If someone has access to your database/data and your source code, then it seems like no matter what your do, your hashing algorithm can be reversed engineered, the only thing you would have on your side would be how complex and time consuming your algorithm is?
If they have access to your source and all the data, the question is going to be "how did you load your key into the memory of the server in the first place?" If it's embedded in the data or in the program code, it's game over and you've lost. If it was hand-keyed by an operator at the machine's boot time, it should be as secure as your trust in your operator. If it is stored in an HSM*, it should still be secure.
And if they have root-level authority access to your running machine, then they can probably trigger and recover a memory dump that will reveal the secret key.
It seems like the weakest link is: how secure your own systems are and who has access to it?
This is true. But there are alternatives that help improve security.

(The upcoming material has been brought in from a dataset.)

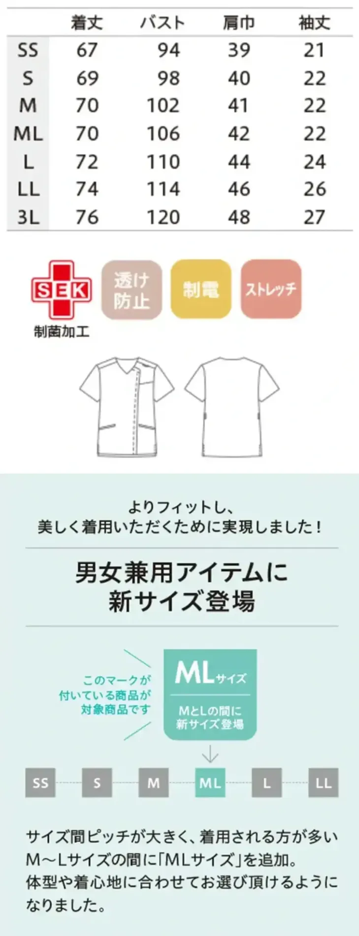 ・サイズ:SS~3L(MLサイズあり)

For bank-like protection, the kind that passes security and industry audits, it's recommended that you use a *Hardware Security Module (HSM) to perform key storage and encryption/decryption functions. The commercial strength HSMs we're looking at cost 10s of thousands of dollars or more each, depending on capacity. But I have seen hardware encryption cards that plug into a PCI slot that cost substantially less.
The idea behind an HSM is that the encryption happens on a secure, hardened platform that nobody has access to without the secret keys. Most of them have cabinets with intrusion detection switches, trip wires, epoxied chips, and memory that will self-destruct if tampered with. Not even the legitimate owner or the factory should be able to recover the database key from an HSM without the set of authorized crypto keys (usually carried on smart cards.)
For a very small installation, an HSM can be as simple as a smart card. Smart cards aren't high performance encryption devices, though, so you can't pump more than about one decryption transaction per second through them. Systems using smart cards usually just store the root key, then decrypt the working database key on the smart card and send it back to the database accessing system. These will still yield the working database key if the attacker can access running memory, or if the attacker can sniff the USB traffic to and from the smart card.
And I have no experience getting TPM chips to work (yet), but theoretically they can be used to securely store keys on a machine. Again, it is still no defense against an attacker taking a memory dump while the key is loaded in memory, but they would prevent a stolen hard drive containing code and data from revealing its secrets.
When hashing a password, it is one way. So it is very difficult to get the password even if you have the salt, source and alot of cpu cyles to burn.